◆ AIM OF THE TASK
Print the entries below again exactly as they stand, but skip any picture.

◆ Records drawn from a dataset
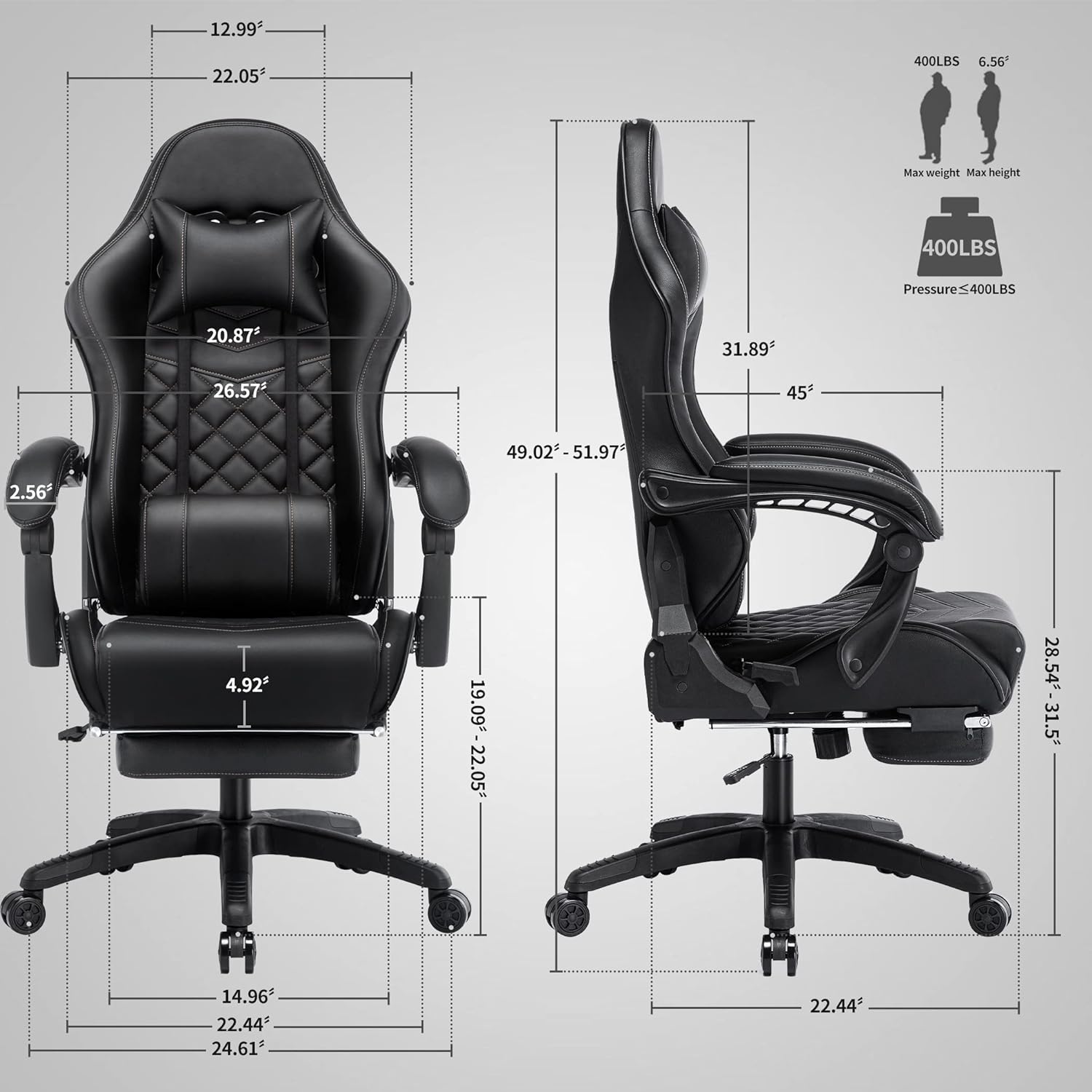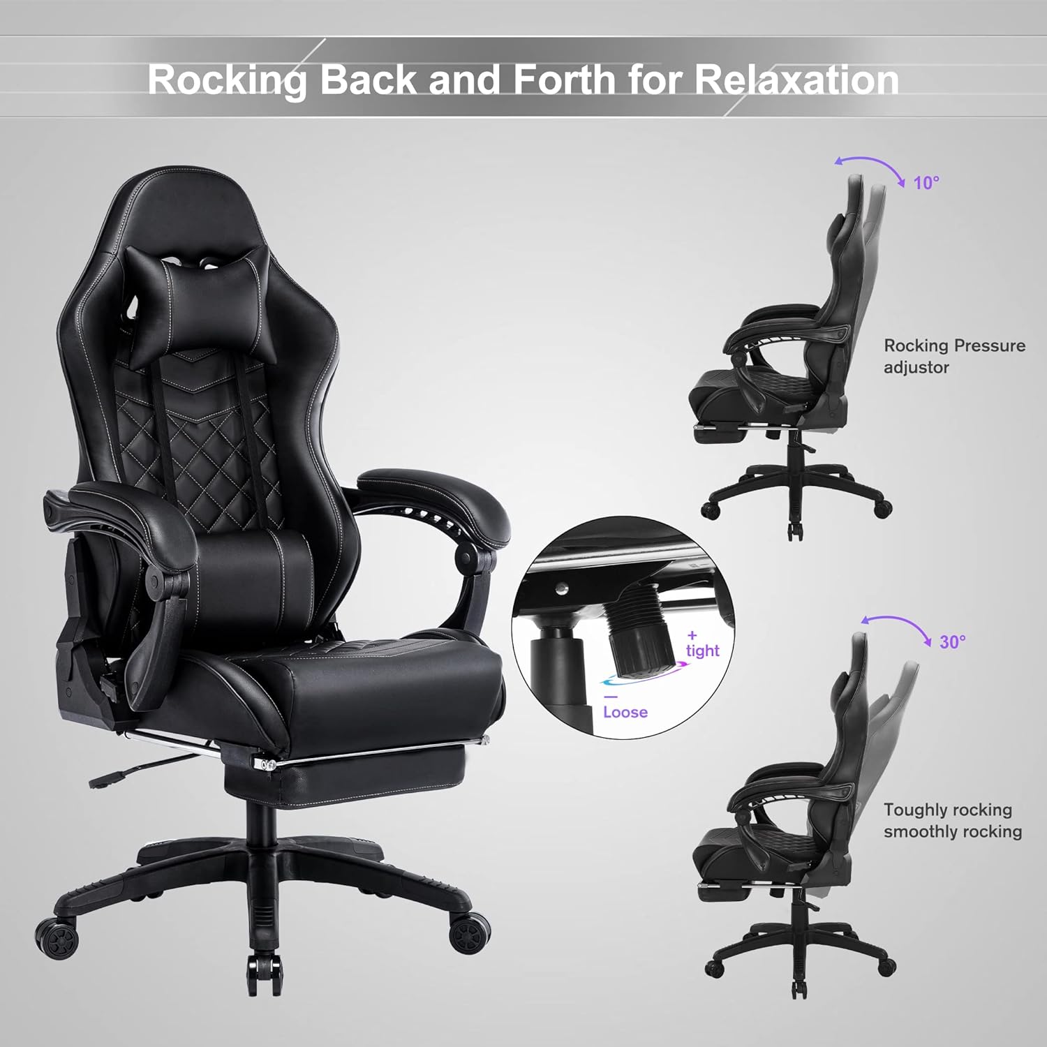 - 💦Excellent Strong Assistance - Thickened memory foam seat cushion can disperse the pressure of waist and buttocks. Medium softness is more suitable for focusing on office games. High quality PU leather wraps the whole throne. making it unforgettable both in appearance and skin experience. Under the wide angle of 90 ° to 155 ° and the freely retractable pedal. you can lie on the chair in one second.
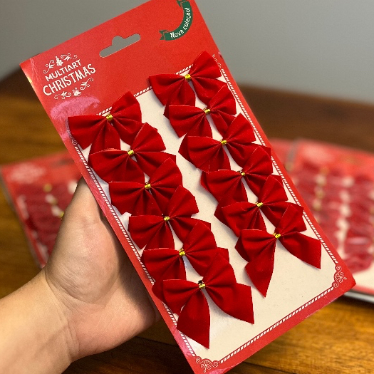 Kit Laços De Natal Com 12 Unidades Lacinho De Decoração Natalina Vermelho Enfeite De Árvore
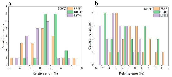 Relative errors of the predicted results to the experimental data for the different machine learning models in Figure 9. (a) 300 °C; (b) 600 °C. The range of relative errors is the same between the same numbers on the horizontal axis.
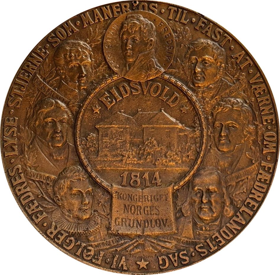 Опис: Будівля Ейдсволл серед дерев з написом зверху та датою знизу, в облямованому кільці. Погруддя (зліва направо): Ніколай Вергеланд, Георг Свердруп, Крістіан Магнус Фальсен, Крістіан Фредерік, Вільгельм Фріманн Корен Крісті, Герман Ведель Ярлсберг. Їхні імена вказані на банерах під кожною особою, крім Крістіана Фредеріка, ім'я якого оточує його суцільним кільцем. Відкрита книга з написом під датою. Листя і вінки розкидані навколо бюстів, всі вони оточені іншим написом.
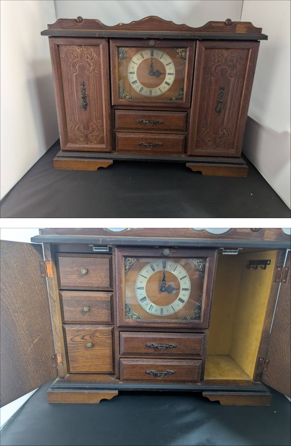 | 商品説明 | 【商品について】 ご覧いただきありがとうございます。 この度出品いたしますのは「 ●【不動品】希少アンティーク 木製 引き出し付 置時計 ジュエリーボックス 小物入れ● 」でございます。 個人所有物の整理のため、出品する運びとなりました。 中古品ではございますが、ご活用いただける方にお譲りできれば幸いです。 商品の状態、付属品、寸法等につきましては、掲載写真にてご確認をお願いいたします。 補足:当方、ペットの飼育および喫煙の習慣はございません。お気にされる方はご参考ください。
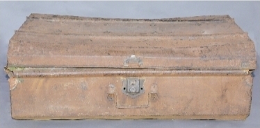 铁箱为铁质,长方体,长70厘米,宽50厘米,高27厘米,重12公斤。铁箱由白铁皮打制而成,箱内刷有红色油漆。箱盖上有两个横杠,箱盖及两侧各铆有8个铁质乳钉,用作加固及装饰。铁箱的正面和两侧各有一个铁制吊环拉手。
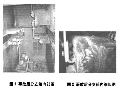 2007年7月18日某地輸配電線路產(chǎn)生跳閘,在巡線至石板坡一進四出電纜分支箱時,發(fā)現(xiàn)一進四出電纜分支箱兩端的開關(guān)柜俑壁產(chǎn)生嚴峻變形、601進線開關(guān)柜面板有飛弧、放電及炭黑等現(xiàn)象。外觀上,箱體內(nèi)水跡顯著。儀表柜門已銹死,不得不撬開,操作組織已無法滾動、只能將其解體后打開關(guān)柜門。打開#601開關(guān)柜電纜室發(fā)現(xiàn):計量TⅣV的熔斷器及支撐絕緣子兩相悉數(shù)炸碎、另一相熔斷器產(chǎn)生決裂,支撐絕緣子產(chǎn)生破損,AT外表有爬電痕跡,柜體多處存在放電痕跡,如圖1所示。打開相鄰間隔檢查,狀況相同嚴峻,導(dǎo)電部分受潮嚴峻,銅排及固定鏢栓已長鹵銹,TA外表有多處爬電痕跡,見圖2。該分支箱為某電器廠制作,2003年投運、僅3年多。
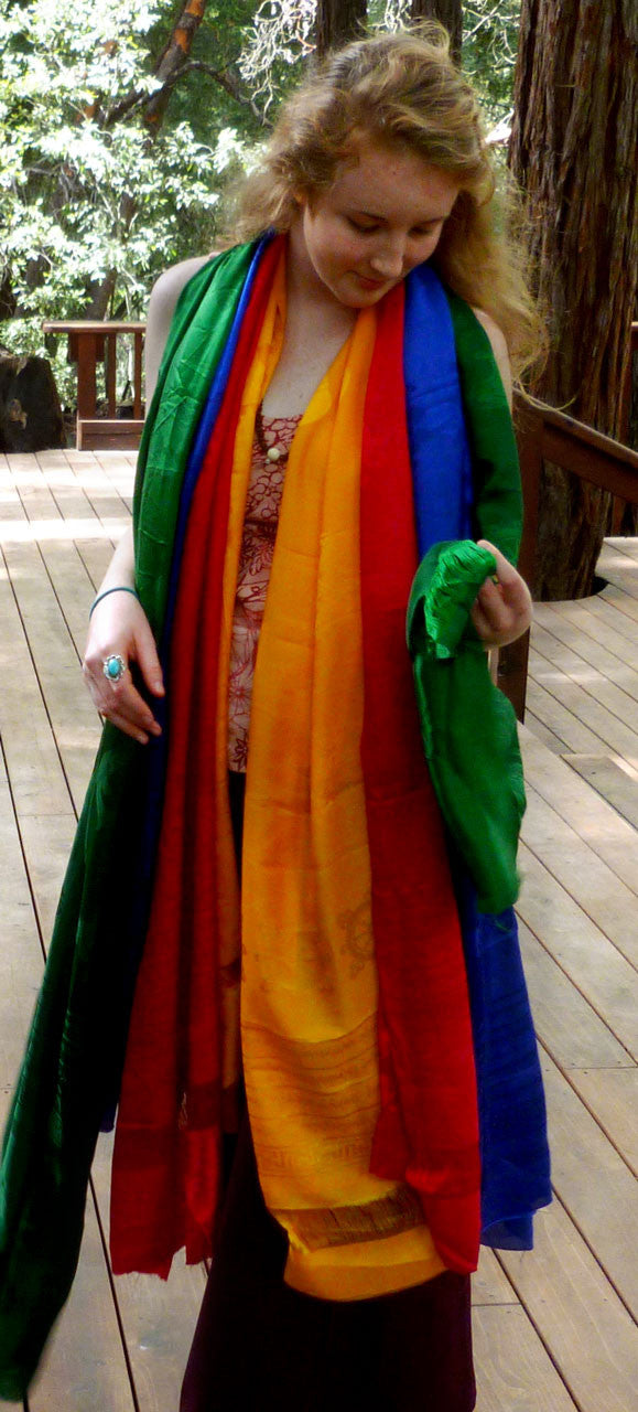 Individual colored extra large khatas in blue, red, yellow, or green. Each khata is approximately 8 feet, 3.5 inches long and 1 foot, 9.5 inches wide (99"x21.5")
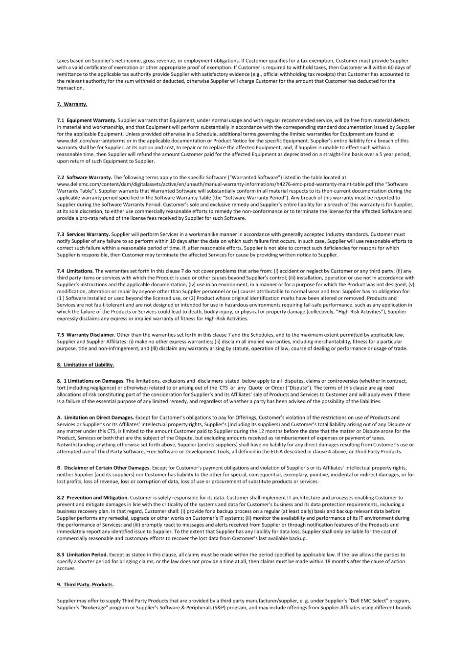taxes based on Supplier’s net income, gross revenue, or employment obligations. If Customer qualifies for a tax exemption, Customer must provide Supplier with a valid certificate of exemption or other appropriate proof of exemption. If Customer is required to withhold taxes, then Customer will within 60 days of remittance to the applicable tax authority provide Supplier with satisfactory evidence (e.g., official withholding tax receipts) that Customer has accounted to the relevant authority for the sum withheld or deducted, otherwise Supplier will charge Customer for the amount that Customer has deducted for the transaction. 7. Warranty. 7.1 Equipment Warranty. Supplier warrants that Equipment, under normal usage and with regular recommended service, will be free from material defects in material and workmanship, and that Equipment will perform substantially in accordance with the corresponding standard documentation issued by Supplier for the applicable Equipment. Unless provided otherwise in a Schedule, additional terms governing the limited warranties for Equipment are found at www.dell.com/warrantyterms or in the applicable documentation or Product Notice for the specific Equipment. Supplier’s entire liability for a breach of this warranty shall be for Supplier, at its option and cost, to repair or to replace the affected Equipment, and, if Supplier is unable to effect such within a reasonable time, then Supplier will refund the amount Customer paid for the affected Equipment as depreciated on a straight-line basis over a 5 year period, upon return of such Equipment to Supplier. 7.2 Software Warranty. The following terms apply to the specific Software (“Warranted Software”) listed in the table located at www.dellemc.com/content/dam/digitalassets/active/en/unauth/manual-warranty-informations/h4276-emc-prod-warranty-maint-table.pdf (the “Software Warranty Table”). Supplier warrants that Warranted Software will substantially conform in all material respects to its then-current documentation during the applicable warranty period specified in the Software Warranty Table (the “Software Warranty Period”). Any breach of this warranty must be reported to Supplier during the Software Warranty Period. Customer’s sole and exclusive remedy and Supplier’s entire liability for a breach of this warranty is for Supplier, at its sole discretion, to either use commercially reasonable efforts to remedy the non-conformance or to terminate the license for the affected Software and provide a pro-rata refund of the license fees received by Supplier for such Software. 7.3 Services Warranty. Supplier will perform Services in a workmanlike manner in accordance with generally accepted industry standards. Customer must notify Supplier of any failure to so perform within 10 days after the date on which such failure first occurs. In such case, Supplier will use reasonable efforts to correct such failure within a reasonable period of time. If, after reasonable efforts, Supplier is not able to correct such deficiencies for reasons for which Supplier is responsible, then Customer may terminate the affected Services for cause by providing written notice to Supplier. 7.4 Limitations. The warranties set forth in this clause 7 do not cover problems that arise from: (i) accident or neglect by Customer or any third party; (ii) any third party items or services with which the Product is used or other causes beyond Supplier’s control; (iii) installation, operation or use not in accordance with Supplier’s instructions and the applicable documentation; (iv) use in an environment, in a manner or for a purpose for which the Product was not designed; (v) modification, alteration or repair by anyone other than Supplier personnel or (vi) causes attributable to normal wear and tear. Supplier has no obligation for: (1 ) Software installed or used beyond the licensed use, or (2) Product whose original identification marks have been altered or removed. Products and Services are not fault-tolerant and are not designed or intended for use in hazardous environments requiring fail-safe performance, such as any application in which the failure of the Products or Services could lead to death, bodily injury, or physical or property damage (collectively, “High-Risk Activities”), Supplier expressly disclaims any express or implied warranty of fitness for High-Risk Activities. 7.5 Warranty Disclaimer. Other than the warranties set forth in this clause 7 and the Schedules, and to the maximum extent permitted by applicable law, Supplier and Supplier Affiliates: (i) make no other express warranties; (ii) disclaim all implied warranties, including merchantability, fitness for a particular purpose, title and non-infringement; and (Ill) disclaim any warranty arising by statute, operation of law, course of dealing or performance or usage of trade. 8. Limitation of Liability. 8. 1 Limitations on Damages. The limitations, exclusions and disclaimers stated below apply to all disputes, claims or controversies (whether in contract, tort (including negligence) or otherwise) related to or arising out of the CTS or any Quote or Order (“Dispute”). The terms of this clause are ag reed allocations of risk constituting part of the consideration for Supplier’s and its Affiliates’ sale of Products and Services to Customer and will apply even If there Is a failure of the essential purpose of any limited remedy, and regardless of whether a party has been advised of the possibility of the liabilities. A. Limitation on Direct Damages. Except for Customer’s obligations to pay for Offerings, Customer’s violation of the restrictions on use of Products and Services or Supplier’s or Its Affiliates’ Intellectual property rights, Supplier’s (Including Its suppliers) and Customer’s total liability arising out of any Dispute or any matter under this CTS, is limited to the amount Customer paid to Supplier during the 12 months before

◆ RESPONSE TO THE EXERCISE
 - 💦Excellent Strong Assistance - Thickened memory foam seat cushion can disperse the pressure of waist and buttocks. Medium softness is more suitable for focusing on office games. High quality PU leather wraps the whole throne. making it unforgettable both in appearance and skin experience. Under the wide angle of 90 ° to 155 ° and the freely retractable pedal. you can lie on the chair in one second.
 Kit Laços De Natal Com 12 Unidades Lacinho De Decoração Natalina Vermelho Enfeite De Árvore
 Relative errors of the predicted results to the experimental data for the different machine learning models in Figure 9. (a) 300 °C; (b) 600 °C. The range of relative errors is the same between the same numbers on the horizontal axis.
 Опис: Будівля Ейдсволл серед дерев з написом зверху та датою знизу, в облямованому кільці. Погруддя (зліва направо): Ніколай Вергеланд, Георг Свердруп, Крістіан Магнус Фальсен, Крістіан Фредерік, Вільгельм Фріманн Корен Крісті, Герман Ведель Ярлсберг. Їхні імена вказані на банерах під кожною особою, крім Крістіана Фредеріка, ім'я якого оточує його суцільним кільцем. Відкрита книга з написом під датою. Листя і вінки розкидані навколо бюстів, всі вони оточені іншим написом.
 | 商品説明 | 【商品について】 ご覧いただきありがとうございます。 この度出品いたしますのは「 ●【不動品】希少アンティーク 木製 引き出し付 置時計 ジュエリーボックス 小物入れ● 」でございます。 個人所有物の整理のため、出品する運びとなりました。 中古品ではございますが、ご活用いただける方にお譲りできれば幸いです。 商品の状態、付属品、寸法等につきましては、掲載写真にてご確認をお願いいたします。 補足:当方、ペットの飼育および喫煙の習慣はございません。お気にされる方はご参考ください。
 铁箱为铁质,长方体,长70厘米,宽50厘米,高27厘米,重12公斤。铁箱由白铁皮打制而成,箱内刷有红色油漆。箱盖上有两个横杠,箱盖及两侧各铆有8个铁质乳钉,用作加固及装饰。铁箱的正面和两侧各有一个铁制吊环拉手。
 2007年7月18日某地輸配電線路產(chǎn)生跳閘,在巡線至石板坡一進四出電纜分支箱時,發(fā)現(xiàn)一進四出電纜分支箱兩端的開關(guān)柜俑壁產(chǎn)生嚴峻變形、601進線開關(guān)柜面板有飛弧、放電及炭黑等現(xiàn)象。外觀上,箱體內(nèi)水跡顯著。儀表柜門已銹死,不得不撬開,操作組織已無法滾動、只能將其解體后打開關(guān)柜門。打開#601開關(guān)柜電纜室發(fā)現(xiàn):計量TⅣV的熔斷器及支撐絕緣子兩相悉數(shù)炸碎、另一相熔斷器產(chǎn)生決裂,支撐絕緣子產(chǎn)生破損,AT外表有爬電痕跡,柜體多處存在放電痕跡,如圖1所示。打開相鄰間隔檢查,狀況相同嚴峻,導(dǎo)電部分受潮嚴峻,銅排及固定鏢栓已長鹵銹,TA外表有多處爬電痕跡,見圖2。該分支箱為某電器廠制作,2003年投運、僅3年多。
 Individual colored extra large khatas in blue, red, yellow, or green. Each khata is approximately 8 feet, 3.5 inches long and 1 foot, 9.5 inches wide (99"x21.5")
taxes based on Supplier’s net income, gross revenue, or employment obligations. If Customer qualifies for a tax exemption, Customer must provide Supplier with a valid certificate of exemption or other appropriate proof of exemption. If Customer is required to withhold taxes, then Customer will within 60 days of remittance to the applicable tax authority provide Supplier with satisfactory evidence (e.g., official withholding tax receipts) that Customer has accounted to the relevant authority for the sum withheld or deducted, otherwise Supplier will charge Customer for the amount that Customer has deducted for the transaction. 7. Warranty. 7.1 Equipment Warranty. Supplier warrants that Equipment, under normal usage and with regular recommended service, will be free from material defects in material and workmanship, and that Equipment will perform substantially in accordance with the corresponding standard documentation issued by Supplier for the applicable Equipment. Unless provided otherwise in a Schedule, additional terms governing the limited warranties for Equipment are found at www.dell.com/warrantyterms or in the applicable documentation or Product Notice for the specific Equipment. Supplier’s entire liability for a breach of this warranty shall be for Supplier, at its option and cost, to repair or to replace the affected Equipment, and, if Supplier is unable to effect such within a reasonable time, then Supplier will refund the amount Customer paid for the affected Equipment as depreciated on a straight-line basis over a 5 year period, upon return of such Equipment to Supplier. 7.2 Software Warranty. The following terms apply to the specific Software (“Warranted Software”) listed in the table located at www.dellemc.com/content/dam/digitalassets/active/en/unauth/manual-warranty-informations/h4276-emc-prod-warranty-maint-table.pdf (the “Software Warranty Table”). Supplier warrants that Warranted Software will substantially conform in all material respects to its then-current documentation during the applicable warranty period specified in the Software Warranty Table (the “Software Warranty Period”). Any breach of this warranty must be reported to Supplier during the Software Warranty Period. Customer’s sole and exclusive remedy and Supplier’s entire liability for a breach of this warranty is for Supplier, at its sole discretion, to either use commercially reasonable efforts to remedy the non-conformance or to terminate the license for the affected Software and provide a pro-rata refund of the license fees received by Supplier for such Software. 7.3 Services Warranty. Supplier will perform Services in a workmanlike manner in accordance with generally accepted industry standards. Customer must notify Supplier of any failure to so perform within 10 days after the date on which such failure first occurs. In such case, Supplier will use reasonable efforts to correct such failure within a reasonable period of time. If, after reasonable efforts, Supplier is not able to correct such deficiencies for reasons for which Supplier is responsible, then Customer may terminate the affected Services for cause by providing written notice to Supplier. 7.4 Limitations. The warranties set forth in this clause 7 do not cover problems that arise from: (i) accident or neglect by Customer or any third party; (ii) any third party items or services with which the Product is used or other causes beyond Supplier’s control; (iii) installation, operation or use not in accordance with Supplier’s instructions and the applicable documentation; (iv) use in an environment, in a manner or for a purpose for which the Product was not designed; (v) modification, alteration or repair by anyone other than Supplier personnel or (vi) causes attributable to normal wear and tear. Supplier has no obligation for: (1 ) Software installed or used beyond the licensed use, or (2) Product whose original identification marks have been altered or removed. Products and Services are not fault-tolerant and are not designed or intended for use in hazardous environments requiring fail-safe performance, such as any application in which the failure of the Products or Services could lead to death, bodily injury, or physical or property damage (collectively, “High-Risk Activities”), Supplier expressly disclaims any express or implied warranty of fitness for High-Risk Activities. 7.5 Warranty Disclaimer. Other than the warranties set forth in this clause 7 and the Schedules, and to the maximum extent permitted by applicable law, Supplier and Supplier Affiliates: (i) make no other express warranties; (ii) disclaim all implied warranties, including merchantability, fitness for a particular purpose, title and non-infringement; and (Ill) disclaim any warranty arising by statute, operation of law, course of dealing or performance or usage of trade. 8. Limitation of Liability. 8. 1 Limitations on Damages. The limitations, exclusions and disclaimers stated below apply to all disputes, claims or controversies (whether in contract, tort (including negligence) or otherwise) related to or arising out of the CTS or any Quote or Order (“Dispute”). The terms of this clause are ag reed allocations of risk constituting part of the consideration for Supplier’s and its Affiliates’ sale of Products and Services to Customer and will apply even If there Is a failure of the essential purpose of any limited remedy, and regardless of whether a party has been advised of the possibility of the liabilities. A. Limitation on Direct Damages. Except for Customer’s obligations to pay for Offerings, Customer’s violation of the restrictions on use of Products and Services or Supplier’s or Its Affiliates’ Intellectual property rights, Supplier’s (Including Its suppliers) and Customer’s total liability arising out of any Dispute or any matter under this CTS, is limited to the amount Customer paid to Supplier during the 12 months before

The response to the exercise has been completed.